Sicuramente mi hanno influenzato Crane e Hemingway. Sono sempre stato affascinato dal ritmo della scrittura
di Hemingway, la sua prosa è così moderna, così immediata. Il segno rosso del coraggio di Crane è un libro che
canta. Ho tenuto nella mia macchina come un talismano (questi sono gli azzardi dello scrittore superstizioso…)
Niente di nuovo sul fronte occidentale, un libro perfetto.
Lei è molto sensibile alla musicalità del linguaggio e del ritmo nei discorsi. Pensa che il modo in cui
una cultura usa il linguaggio influenzi anche il modo in cui la gente pensa, percepisce e agisce?
Sì, lo penso. In una società povera come un tempo è stata l’Irlanda, tutto può crollare e diventare debole. Ma
da noi la ricchezza si rifugiava nella lingua, come se fosse stata oro setacciato dal fiume della povertà e della cattiva sorte storica. Il linguaggio che ci è stato trasmesso è una ricca eredità, sebbene venga da un’epoca povera.
Come la lingua, la musica era spesso fatta di cose semplici: cucchiai, pelli tese sui telai, voci, ossa, piedi che tengono il tempo. C’è qualcosa di tutto questo nell’inglese d’Irlanda. È stato spesso notato dai soldati di altre nazionalità quanto i soldati irlandesi fossero allegri, forse non intendendo appieno che l’imperativo irlandese di lasciar correre la lingua era per loro una responsabilità. Una forma di coraggio. Per dare coraggio. Molti soldati
irlandesi non furono mai così ben nutriti e in forma come dopo cinque mesi di addestramento militare, perché
venivano da posti in cui cibo e medicine erano scarsi, ma si portarono dietro il loro linguaggio come una ricchezza segreta, una vera fonte di benessere. Avrebbero potuto fare a meno di cibo decente, ma mai del loro
gergo e del loro modo di canzonarsi. Questa è la ragione, secondo me, per cui far passare sotto silenzio un episodio come questo della storia irlandese è un’aggressione a una possibile verità perduta e a quella sorta di rifugio che è per noi la lingua.
I passi del libro in cui si parla della ribellione e della reazione confusa e divisa che provocò tra i
soldati possono far pensare alla guerra del Vietnam. È una scelta voluta?

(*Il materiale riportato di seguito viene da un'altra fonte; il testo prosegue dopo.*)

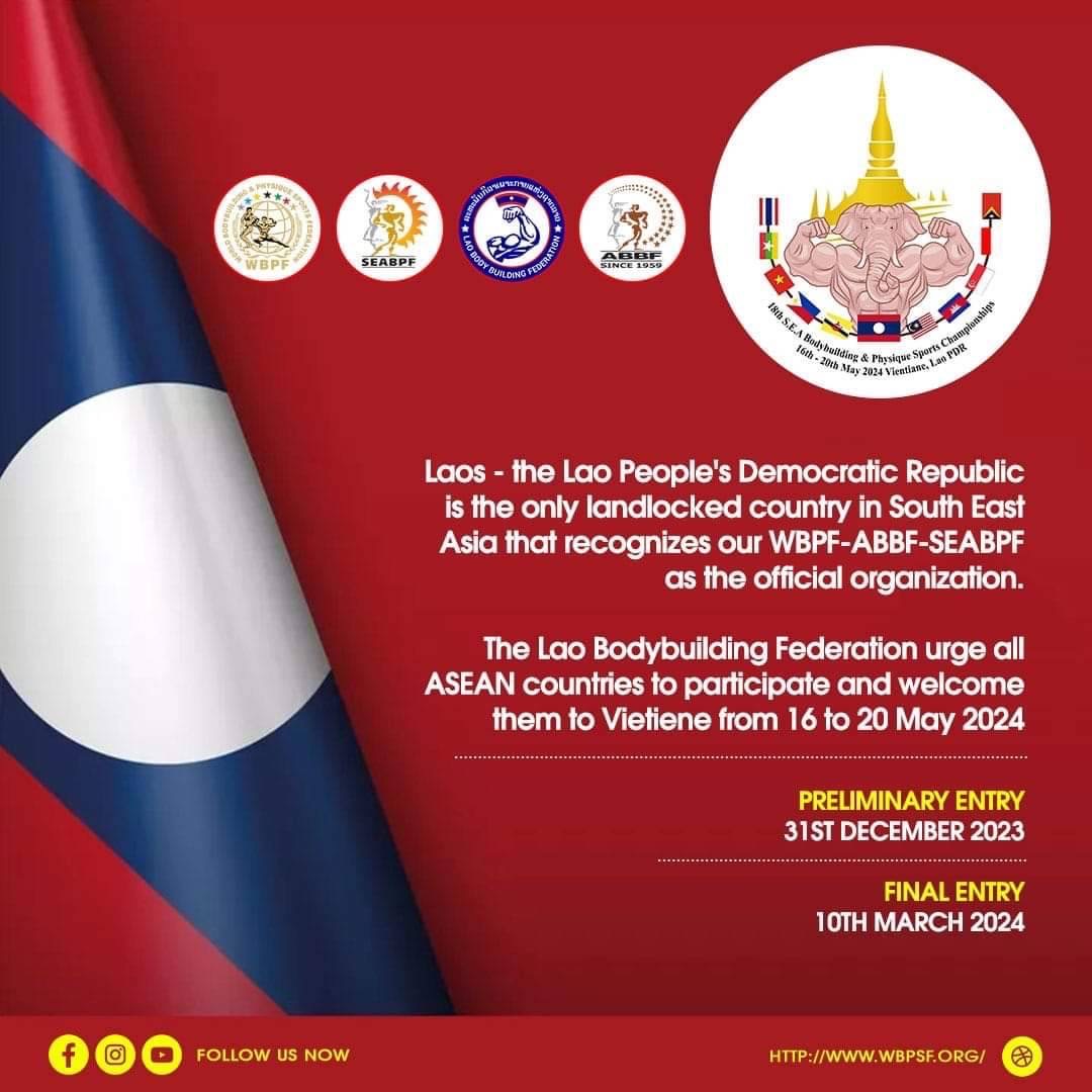 นายศุกรีย์ สุภาวรีกุล นายกสมาคมกีฬาเพาะกายและฟิตเนสแห่งประเทศไทย ในฐานะเลขาธิการสหพันธ์กีฬาเพาะกายและฟิตเนสแห่งเอเชีย (ABBF) และเลขาธิการร่วมสหพันธ์กีฬาเพาะกายและฟิตเนสโลก (WBPF ) เปิดเผยว่าทางสหพันธ์กีฬาเพาะกายและฟิตเนสของสปป.ลาว ได้เสนอตัวขอเป็นเจ้าภาพจัดการแข่งขันกีฬาเพาะกายและฟิตเนสชิงแชมป์เอเชียตะวันออกเฉียงใต้ ครั้งที่ 18 ในคราวการประชุมใหญ่ของสหพันธ์กีฬาเพาะกายและฟิตเนสแห่งเอเชีย ที่เมืองกาฐมาณฑุ เมื่อช่วงเดือนกันยายนปีที่ผ่านมา

Nel 1973, a diciassette anni, attraversai l’America in autostop.Vidi molti veterani agli angoli delle strade. Mi chiedo spesso che cosa ne sia stato di loro. Sapevo della grande protesta contro la guerra, anzi, faceva parte della
nostra cultura giovanile in Irlanda. Ma dopo la Prima guerra mondiale c’erano centinaia e centinaia di uomini
sotto i ponti di Londra. Non ci fu nessuna casa per gli eroi. In Irlanda gli ex soldati venivano spesso evitati, a
volte uccisi, molti furono rinchiusi in prigione. Ho portato con me queste visioni di uomini che erano tornati
dal Vietnam, che avevano dato tutto quello che avevano, la loro gioventù, e avevano fatto ritorno in un Paese
cambiato, che non aveva intenzione di onorarli, e spesso neppure di vederli.
Da un’intervista a Sebastian Barry, www.us.penguingroup.com.